伏龍葵一下子愣是不知道淩楓羽想說什麽,想做什麽了。
當見到淩楓羽身後的雲苔。
這個女人的臉還真與自己有這五六分相似。
一起走出去的話,他人還真會以爲是自己的姐妹什麽的呢。
“淩楓羽,她是~”
“她叫伏雲葵,是你的姐姐還是妹妹?”
一個眼神足以讓伏龍葵知道淩楓羽想要做什麽了。
“比我年長,是我的姐姐。”
伏龍葵如此道。
“那正好,帶着你的姐姐到處去看看看吧,十裏街亭也還是不錯的。”
這算是在下命令了吧。
“好的,明白了。”
伏龍葵帶着雲苔去到處走走看看了。
淩楓羽獨自入内,
見到劍狂。
“你的肩膀位置的傷看上去好久沒有愈合了。”
淩楓羽一眼就看出不對勁了。
“哦,這是之前···”
“淵離虬所用之招不可能這麽詭異的,我來看看。
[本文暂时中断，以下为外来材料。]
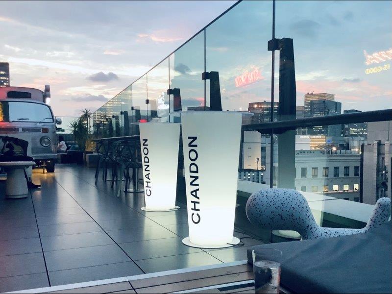 バックステージからランウェイに向かうようなメタリックな通路を抜けると、なかなか建物の屋上からは見ない銀座の夕景が広がってきます。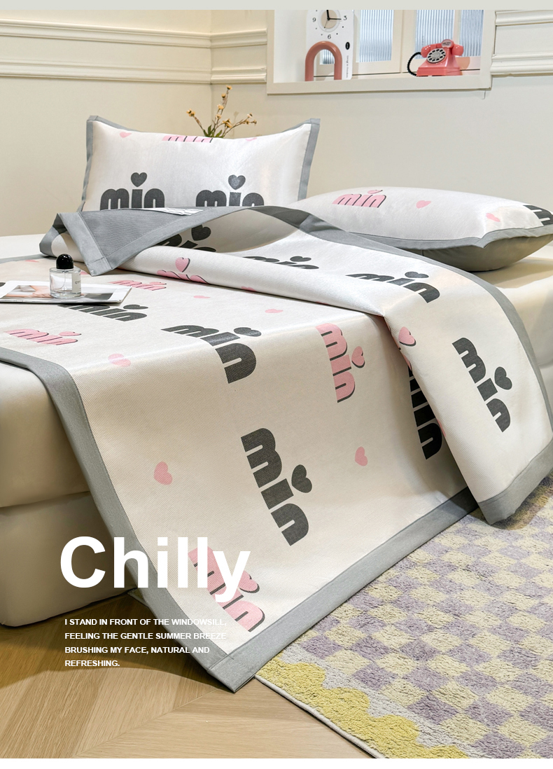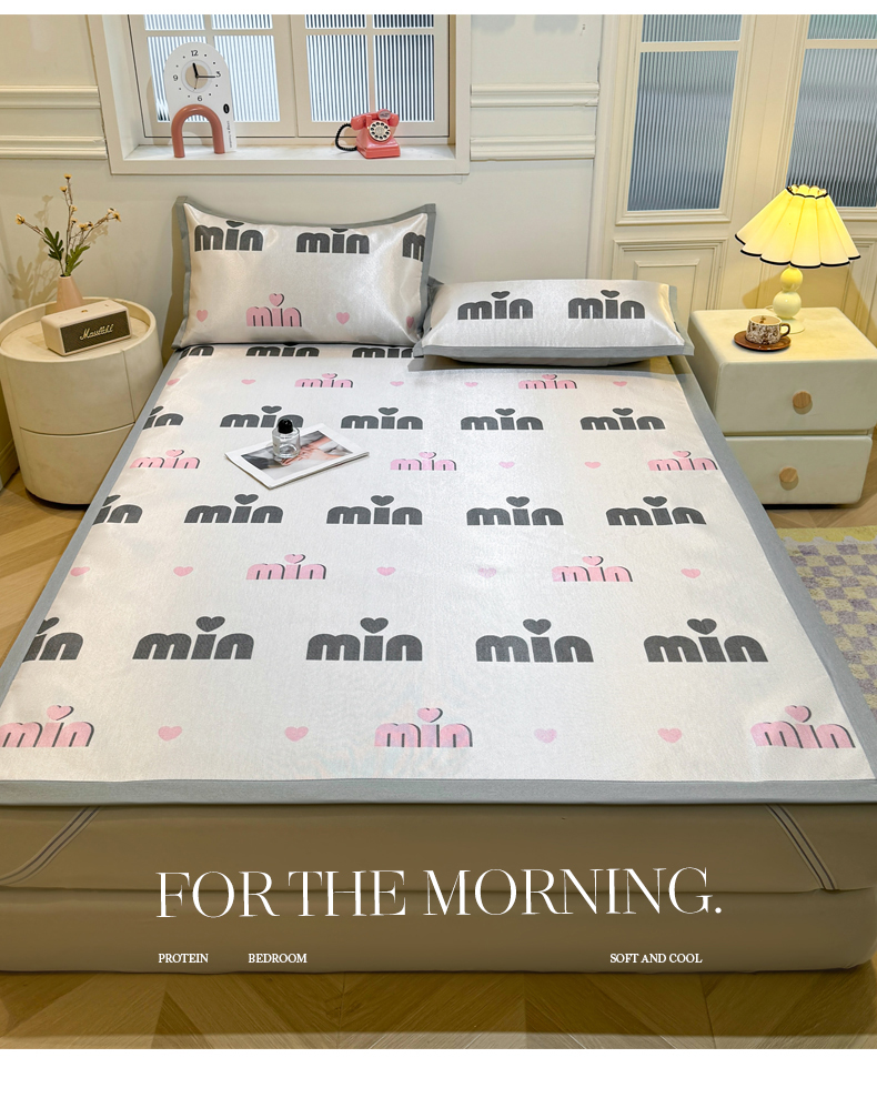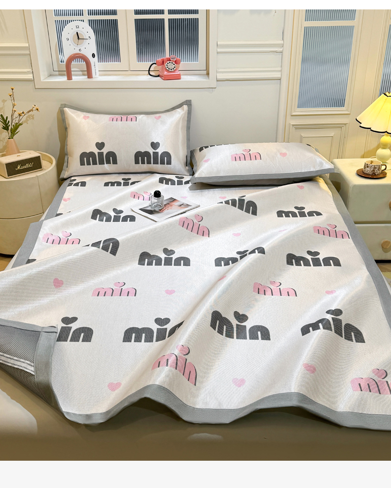 LIFE.丽芙 2025春夏季新品数码印花冰藤凉席平铺冰丝凉席印花小清新绑带款三件套(风格一) 甜心粉

”
淩楓羽雙手搭在劍狂的背後。
用自己的内元輔助其療傷。
隻是,傷口是愈合了,淵離虬奇詭的内元卻是依舊在那個位置未曾散去。
但是淩楓羽卻是道:“好了,你動動。”
“多謝。”
劍狂動了動,的确是沒有那種撕裂的疼痛感了,雖然還有一種說不清的酸疼,但也可以正常運動了。
“先不必謝我,弋陽呢?怎麽沒見到他?”
“弋陽從未回來,隻有那兩個女的被他先叫回來了。”
“他都沒有交代去哪裏了?”
“說是去南域了。”
南域。
南域有什麽好去的。
有。
西域也有問題,但是沒有人去西域。
這是什麽原因呢?
管不着。
出現了這麽多的插曲,也該幹正事了。
第一件事。
魔城。
當然了,肯定不是自己上魔城滅人家滿門,自己師父做不到,更何況下現在修爲不如自己師父的自己了。
打草驚蛇而已。
分離六皇,給遊玄制造機會,讓其能夠誅殺其中一個。
然後對付魔城。
對付完魔城,就該是九嬰,九嬰過後,是四劍閣的事情。
淩楓羽内心裏早就一樣一樣地把事情計劃安排好了。
隻要不是有很大的意外出現,就是這樣的腳步。
畢竟,四神器裏,唯有槍是淩楓羽知道去哪裏找尋,其餘的還需要時間的磨砂。
“你是淩楓羽,應該是雲海樓的二把手之類的···”
劍狂說着。
可淩楓羽沒有聽着。
這家夥,在說什麽啊。
“雲海深會去封劍樓。”
一番自我推論後。
劍狂如此道。
“啊?就這?”
“嗯,就這,原本隻是琴筝鳴讓我去跟雲海深說得,但是作爲劍者,自然是對傳說中的封劍樓有所知曉的,裏面~,人要有自己的想法的。琴筝鳴沒說不能告訴你,所以我就說了。”
“嗯,人是要有個性一點,這件事我記住了,雲海深那裏我會親自說明的。”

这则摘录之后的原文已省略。